In 1937, Xu and Jiang received the Humboldt scholarship to study in Germany. They left China in May 1937, were delayed for a month and a half in Milan, before arriving in Germany in August. They first studied the German language in Berlin for two months, and then entered the PhD program at the Ludwig-Maximilians-Universität München. Xu was supervised by Constantin Carathéodory and studied trigonometric series, in particular Fourier series. At the end of 1940, she received her doctorate, becoming the first Chinese woman PhD in mathematics.

In January 1941, Xu and Jiang left Germany. In March, they arrived in Chongqing, the wartime capital of China during the Second Sino-Japanese War. In April, they arrived in Meitan, Guizhou, where the College of Science of Zhejiang University held its wartime campus. There she lectured in mathematics, and her students included Cao Xihua, Ye Yanqian, and some later Chinese mathematicians. After the end of the war, Xu was promoted to professor in 1946, when she was 31. She returned to Hangzhou with Zhejiang University in the same year.

The People's Republic of China was established in 1949. During the 1952 reorganisation of Chinese higher education, Xu remained at Zhejiang University, where she was the office director of teaching and research in higher mathematics. Around this time she joined the China Democratic League and studied communism. In 1953 she was moved to Zhejiang Teachers College (浙江师范学院, later became Hangzhou University in 1958), where she chaired the department of mathematics. During her time at Zhejiang Teachers College, she learned Russian and translated Isidor Natanson's Theory of Functions of a Real Variable, which was published in Chinese in 1955.

Around this time, Xu was elected as a representative to the Zhejiang Provincial People's Congress in 1954 and a member of the People's Government of Zhejiang. She was also elected as the secretary general of the Zhejiang Mathematical Society (浙江省数学会). In 1956, Xu joined the Chinese Communist Party.
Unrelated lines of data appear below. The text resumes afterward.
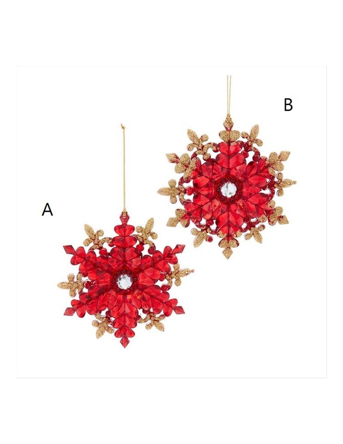 Decorazione 3D Fiocco di neve glitter Oro/Rosso H12cm - 2 varianti (1pz)
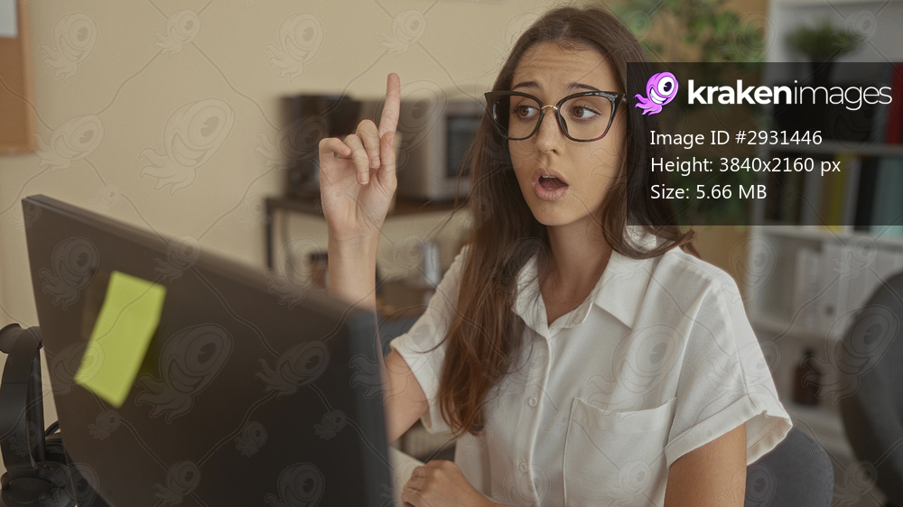 Woman with glasses sitting at desk with hand on chin and pointing finger near computer monitor in building; confusion doubt.
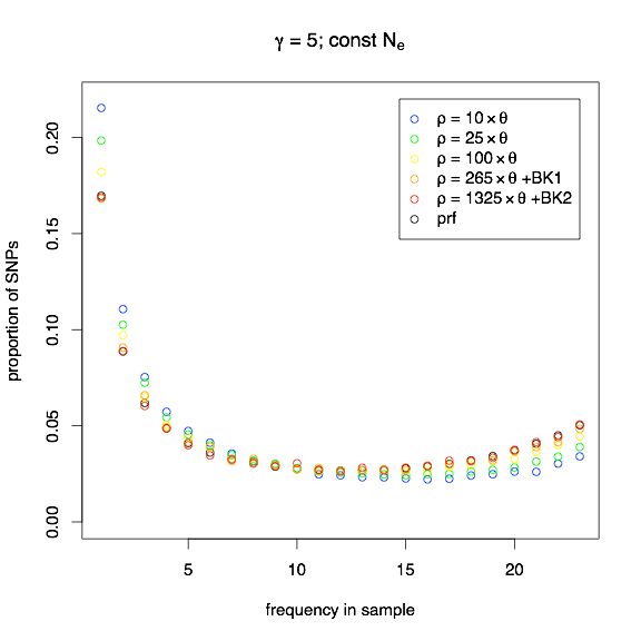 The first example (γ = 5 for all mutations) was chosen to be an extreme example of where theory can be far, far away from what might be observed. In the following figure, I show in black the normalized site-frequency spectrum (SFS) expected under the Poisson Random Field (PRF) model, and in blue, green, yellow, orange, and red, I show SFS_CODE simulations with higher and higher recombination rates (BRK1 indicates subdividing the simulated sequence into 10 equal segments with 100kb spacing, and BRK2 indicates simulating 20 equal segments with 100kb). As you can see, even when ρ= 10×θ, the observed SFS can be quite different from the expected SFS under the PRF assumption of independence. Only in the most extreme cases of recombination do the simulations approach the PRF expectation.
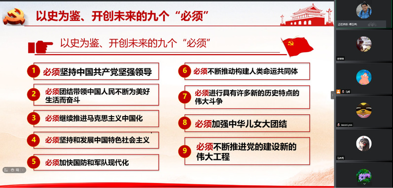 最后,谭书记基于百年党史历程,对全体党员同志做出了寄语,强调所有党员同志作为新时代青年,一定要以实现中华民族伟大复兴为己任,牢记初心使命,坚定理想信念,践行党的宗旨,增强做中国人的志气、骨气、底气,不负时代,不负韶华,不负党和人民的殷切期望!

In 1964, Xu and Hua Luogeng chaired the first national conference on functional analysis at the Hengshan Hotel in Shanghai. She was the CCP party group leader at the conference. In 1965, Xu began to translate Carathéodory's Theory of Functions of a Complex Variable. She could not complete it due to her workload in the Socialist Education Movement. After the Cultural Revolution began in 1966, Xu began to undergo struggle sessions within Hangzhou University. She was forced to kneel for long times and was whipped. In 1968, Xu's husband Jiang Ximing was accused of being a German spy, and Xu was detained and was pressured to confess her alleged spy activities. On 23 January 1969, Xu committed suicide by hanging.

In 1978, Hangzhou University held a commemoration ceremony and rehabilitated Xu. She was buried in Liuxia Subdistrict, Hangzhou. In 2009, the department of mathematics of Zhejiang University purchased a new grave for Xu and made a new tombstone. On 13 June 2015, Zhejiang University held a conference commemorating the 100th anniversary of Xu's birth.

== Works and influences ==

Xue et al. consider Xu to be a member of the third generation of the mathematical analysis tradition at Zhejiang University. Xu's publications include:
- Kiang, Süe-Yung (1941). "Über die Fouriersche Entwicklung der singulären Funktion bei einer Lebesgueschen Zerlegung" (Note: Some sources consider this work Xu's PhD dissertation.)
- Zee-Kiang, Süe-Yung (1944). "On the Variation of Increasing Functions Whose First 2n Fourier Coefficients are Given"

Xu's translations include:
- Natanson, Isidor
- Hardy, G. H.

When she was teaching at Zhejiang University, Xu was the thesis advisor of the Chinese American mathematician Yuan-Shih Chow. Three members of the Chinese Academy of Sciences–Shi Zhongci, Wang Yuan, and Hu Hesheng–had taken her classes at the university. Her adopted daughter also became a PhD in mathematics.